RUSTAM EFENDI, S.H., C.PS., C.MK
Lahirnya Undang-Undang Nomor 6 Tahun 2014 tentang Desa salah satu bentuk keseriusan pemerintah untuk membawa perubahan pada negeri ini. Konsep dasar yang menyatakan membangun Indonesia dimulai dari desa, bisa saja dibenarkan sebab desa merupakan persekutuan terkecil masyarakat yang mampu menggerakkan perekonomian terkecil.
Atas dasar tersebut, pemerintah melihat desa memiliki posisi sangat strategis untuk terus dikembangkan dan diberdayakan demi terciptanya kesejahteraan dan kesetaraan secara ekonomi.
Untuk pengelolaan desa tersebut diperlukan dana yang cukup. Dengan melihat jumlah desa yang cukup banyak yang tersebar dari Sabang sampai Merauke, tentu pemerintah akan menggelontorkan dana yang sangat besar dan sangat riskan di dalam pengelolaannya.
Hal ini disebabkan di saat pemerintah menggelontorkan dana yang sebegitu besar sangat rawan dikorupsi oleh perangkat desa, sebab perangkat desa sebelumnya belum pernah mengelola keuangan yang sebegitu besar dan banyak. Tentu dana ini sangat rawan dikorupsi demi keuntungan pribadi.
Dengan diberlakukannya undang-undang desa, perangkat desa seperti mendapatkan durian runtuh.
Sebab mereka punya kewajiban mengelola desa untuk keberlangsungan desa serta menggeliatnya perekonomian di desa. Di samping itu, manfaatnya ialah untuk mengentaskan kemiskinan serta pemerataan pembangunan di desa.

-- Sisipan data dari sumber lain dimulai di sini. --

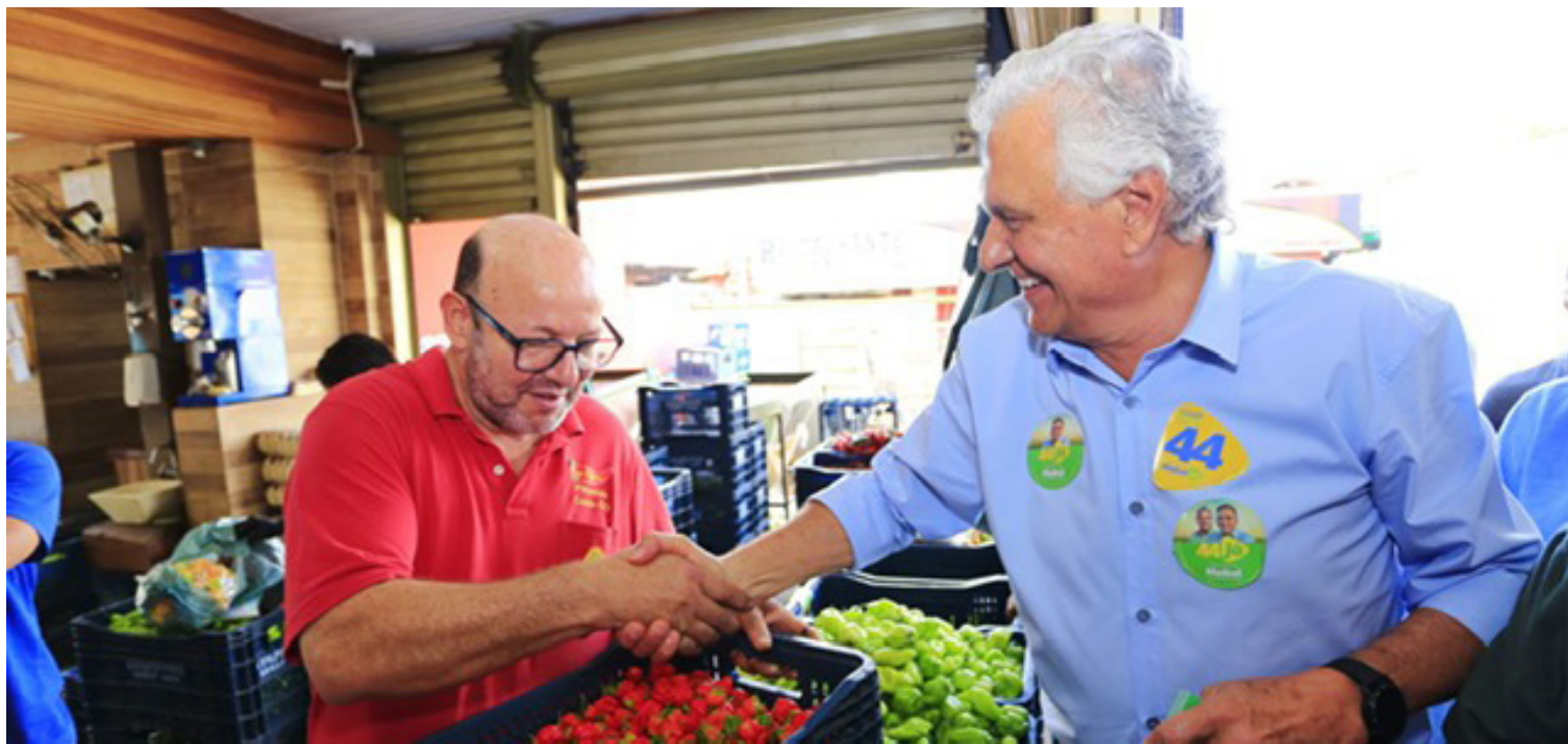
Ronaldo Caiado: mobilização dos eleitores para o segundo turno em Goiânia

O governador lamentou o atual cenário da capital, que enfrenta dificuldades em várias áreas, como coleta de lixo, atendimento em saúde e sobrecarga no sistema de educação. “Para resolver os problemas de Goiânia, precisamos de uma pessoa que tenha coragem”,

Akan tetapi, implementasi di lapangan tidak sesuai dengan realitanya karena banyak dana desa yang dikorupsi oleh perangkat desanya dan tentu hal ini sangat ironis.
Dana yang digelontorkan oleh pemerintah membuat aparatur di desa menjadi “desa kaya mendadak”. Hal ini yang menyebabkan mungkin beberapa desa bingung untuk mengelola dan menggunakan dana tersebut.